I’m sorry I don’t get the meaning of what does CorrectLayout do, the code is as following, but I can’t understand:
nnvm::Graph CorrectLayout(nnvm::Graph src) {
static auto& op_correct_layout =
nnvm::Op::GetAttr<FCorrectLayout>("FCorrectLayout");
const IndexedGraph& idx = src.indexed_graph();
std::vector<nnvm::NodePtr> mirror_vec(idx.num_nodes(), nullptr);
// (new) NodePtr -> output_layouts
LayoutAttrDict new_layouts;
for (uint32_t nid = 0; nid < idx.num_nodes(); ++nid) {
const auto& inode = idx[nid];
nnvm::NodePtr new_node = nnvm::Node::Create();
*new_node = *(inode.source);
if (new_node->is_variable()) {
// Variable node. No operator. Only one output entry.
auto input_iter = std::find(
idx.input_nodes().cbegin(), idx.input_nodes().cend(), nid);
CHECK(input_iter != idx.input_nodes().cend());
int64_t input_id = std::distance(idx.input_nodes().cbegin(), input_iter);
if (src.HasAttr("layout_inputs")) {
new_layouts[new_node.get()] =
{src.GetAttr<std::vector<Layout> >("layout_inputs")[input_id]};
} else {
new_layouts[new_node.get()] = {Layout::Undef()};
}
mirror_vec[nid] = new_node;
continue;
}
const uint32_t num_inputs = inode.inputs.size();
const uint32_t num_outputs = inode.source->num_outputs();
// set up output and input layouts
std::vector<Layout> request_ilayouts(num_inputs, Layout::Undef());
for (size_t i = 0; i < num_inputs; ++i) {
const IndexedGraph::NodeEntry& input_entry = inode.inputs[i];
const NodePtr& new_input_node = mirror_vec[input_entry.node_id];
CHECK(new_input_node != nullptr);
// fill inputs by previous node (DFS order) inferred layouts.

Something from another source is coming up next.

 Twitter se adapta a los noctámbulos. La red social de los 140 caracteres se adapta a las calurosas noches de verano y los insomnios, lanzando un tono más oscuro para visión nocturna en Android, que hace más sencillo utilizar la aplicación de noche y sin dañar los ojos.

const auto& layouts_iter = new_layouts.find(new_input_node.get());
CHECK(layouts_iter != new_layouts.end());
request_ilayouts[i] = layouts_iter->second[input_entry.index];
}
// layouts produced by previous node.
std::vector<Layout> produce_ilayouts(request_ilayouts);
// input layouts from last pass of LayoutTransform (if apply)
std::vector<Layout> last_request_ilayouts(num_inputs, Layout::Undef());
// fill outputs by last pass of LayoutTransform (if apply)

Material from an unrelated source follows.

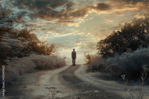 person, standing, dirt, road, middle, field, farmer, agriculture, landscape, rural, countryside, nature, outdoors, scenic, scenery

std::vector<Layout> produce_olayouts(num_outputs, Layout::Undef());
if (src.HasAttr("layout")) {
const auto& layouts = src.GetAttr<std::vector<Layout> >("layout");
for (uint32_t i = 0; i < num_outputs; ++i) {
produce_olayouts[i] = layouts[idx.entry_id(nid, i)];
}
for (uint32_t i = 0; i < num_inputs; ++i) {
last_request_ilayouts[i] = layouts[idx.entry_id(inode.inputs[i])];
}
}
if (op_correct_layout.count(new_node->op())) {
const auto &flayout = op_correct_layout[new_node->op()];
CHECK(flayout(new_node->attrs, &request_ilayouts, &last_request_ilayouts, &produce_olayouts))
<< "Layout infer fail";
CHECK_EQ(request_ilayouts.size(), num_inputs);
CHECK_EQ(produce_olayouts.size(), num_outputs);
}
// update new layouts
new_layouts[new_node.get()] = std::move(produce_olayouts);
for (uint32_t i = 0; i < inode.inputs.size(); ++i) {
const auto& e = inode.inputs[i];
const nnvm::NodePtr& in = mirror_vec[e.node_id];
new_node->inputs[i] = nnvm::NodeEntry{in, e.index, e.version};
// insert layout_transform if necessary
const Layout& produce = produce_ilayouts[i];
const Layout& request = request_ilayouts[i];
if (produce != request && produce.defined()) {
nnvm::NodePtr tnode = CreateLayoutTransformNode(produce, request);
tnode->attrs.name = idx[e.node_id].source->attrs.name + "_" + request.name();
tnode->inputs.emplace_back(new_node->inputs[i]);
nnvm::NodeEntry tnode_output{tnode, 0, 0};
new_node->inputs[i] = tnode_output;
// layout produced by LayoutTransformNode
new_layouts[tnode.get()] = {request};
} else if (!produce.defined()) {
// do reverse infer
new_layouts[in.get()][e.index] = request;
}
}
mirror_vec[nid] = new_node;
}
std::vector<nnvm::NodeEntry> outputs;
for (const auto& e : idx.outputs()) {
outputs.emplace_back(nnvm::NodeEntry{mirror_vec[e.node_id], e.index, e.version});
}
nnvm::Graph ret;
ret.outputs = outputs;
// restore the layouts to return graph
const auto& ret_idx = ret.indexed_graph();
std::vector<Layout> ret_layouts(ret_idx.num_node_entries(), Layout::Undef());
for (uint32_t nid = 0; nid < ret_idx.num_nodes(); ++nid) {
const auto& inode = ret_idx[nid];
const auto& layout_iter = new_layouts.find(inode.source);
if (layout_iter != new_layouts.end()) {
for (uint32_t i = 0; i < inode.source->num_outputs(); ++i) {
ret_layouts[ret_idx.entry_id(nid, i)] = std::move(layout_iter->second[i]);
}
}
}
// cannot call indexed_graph() before return the origin Graph,
// thus create a new one
nnvm::Graph new_ret;
new_ret.outputs = std::move(outputs);
new_ret.attrs["layout"] = std::make_shared<any>(std::move(ret_layouts));
return new_ret;
}
Hope to get your help, thank you very much~